To a stirred solution of the alcohol 4 (393 mg, 1.24 mmol), DMAP (10 mg, 0.08 mmol) and Et₃N (0.7 mL, 0.51 g, 5.04 mmol) in anhydrous methylene chloride (10 mL) was added p-toluenesulfonyl chloride (320 mg, 1.68 mmol) at 0° C. The reaction mixture was allowed to warm to room temperature (4 h) and stirring was continued for additional 22 h. Methylene chloride (60 mL) was added and the mixture was washed with a saturated aq. NaHCO₃ solution, dried (Na₂SO₄) and concentrated under reduced pressure.
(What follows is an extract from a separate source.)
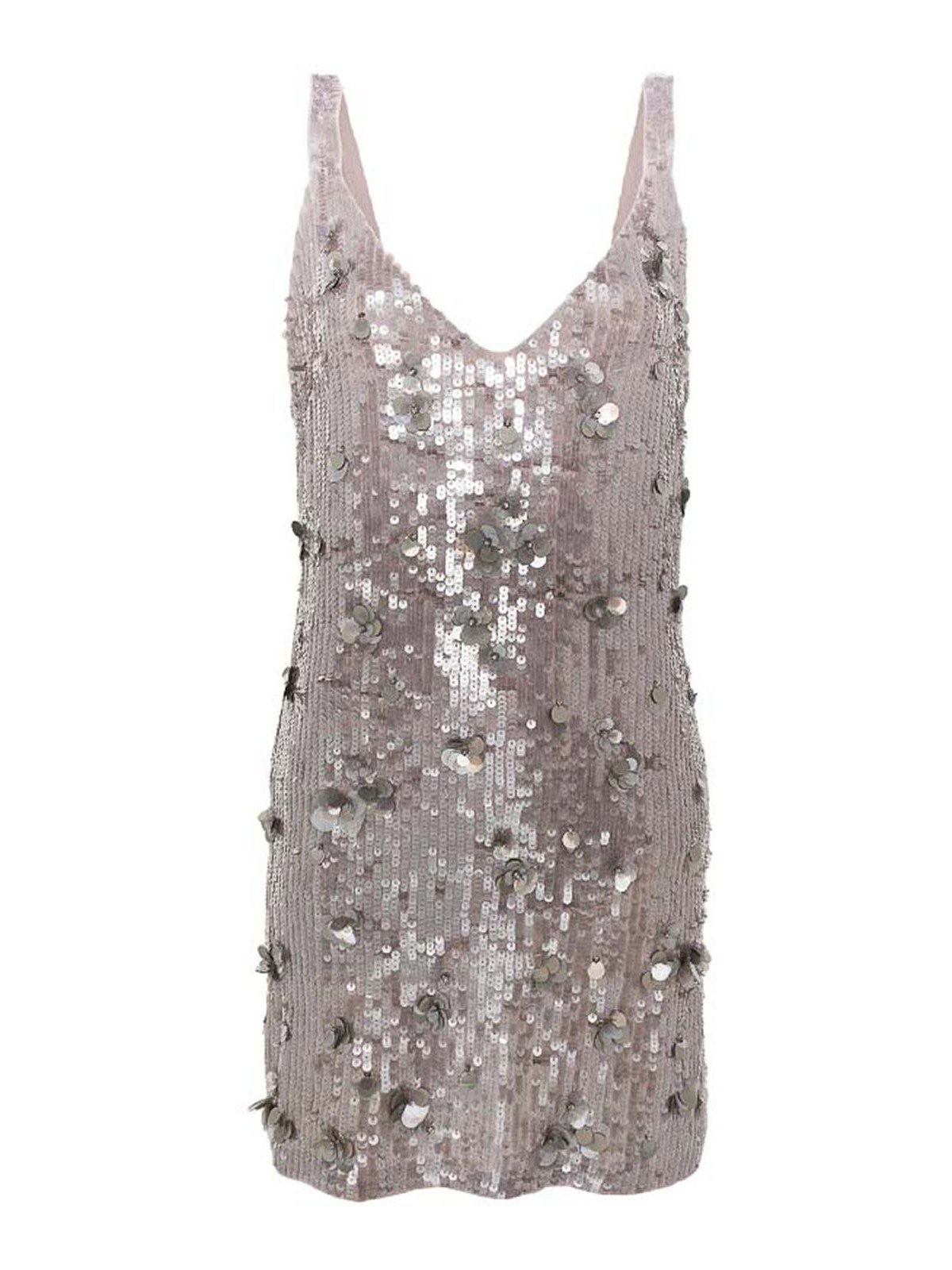 Design extensible gris clair, orné de paillettes, motif floral, col en V, sans manches, carré, dos ouvert, ourlet entièrement droit, style à enfiler

A residue was chromatographed on silica gel with hexane/ethyl acetate (95:5) to afford a tosylate 5 (533 mg, 91% yield) as a colorless oil: [α]_D +15.0 (c 0.54, CHCl₃); ¹H NMR (500 MHz, CDCl₃+TMS) δ 8.02 (2H, m, o-H_Bz), 7.80 (2H, d, J=8.2 Hz, o-H_Ts), 7.55 (1H, m, p-H_Bz), 7.44 (2H, m, m-H_Bz), 7.35 (2H, d, J=8.2 Hz, m-H_Ts), 5.39 (1H, br s, 8α-H), 4.15 (1H, dd, J=9.4, 3.4 Hz, 22-H), 3.83 (1H, dd, J=9.4, 7.1 Hz, 22-H), 2.457 (3H, s, Me_Ts), 1.98 (1H, m), 0.978 (3H, s, 18-H₃), 0.898 (3H, d, 6.6 Hz, 21-H₃); ¹³C NMR (125 MHz) δ 166.60 (s, C═O), 144.87 (s, p-C_Ts), 133.35 (s, 132.98 (d, p-C_Bz), 130.94 (5, i-C_Bz), 129.97 (d, m-C_Ts), 129.72 (d, o-C_Bz), 128.58 (d, m-C_Bz), 128.13 (d, o-C_Ts), 74.21 (t, C-22), 72.03 (d, C-8), 52.44 (d), 51.52 (d), 41.82 (s, C-13), 39.30 (t), 35.00 (d), 30.57 (t), 26.56 (t), 22.54 (t), 21.85 (q, Me_Ts), 18.12 (t), 16.85 (q, C-21), 14.09 (q, C-18); MS (EI) m/z 470 (1, M⁺), 365 (33, M⁺-PhCO), 348 (64, M⁺-PhCOOH), 193 (52), 176 (71), 134 (72), 105 (100); exact mass calculated for C₂₇H₃₄O₅S (M⁺) 470.2127, found 470.2091.

Preparation of (8S,20S)-Des-A,B-20-pentyl-pregnan-8-ol (7)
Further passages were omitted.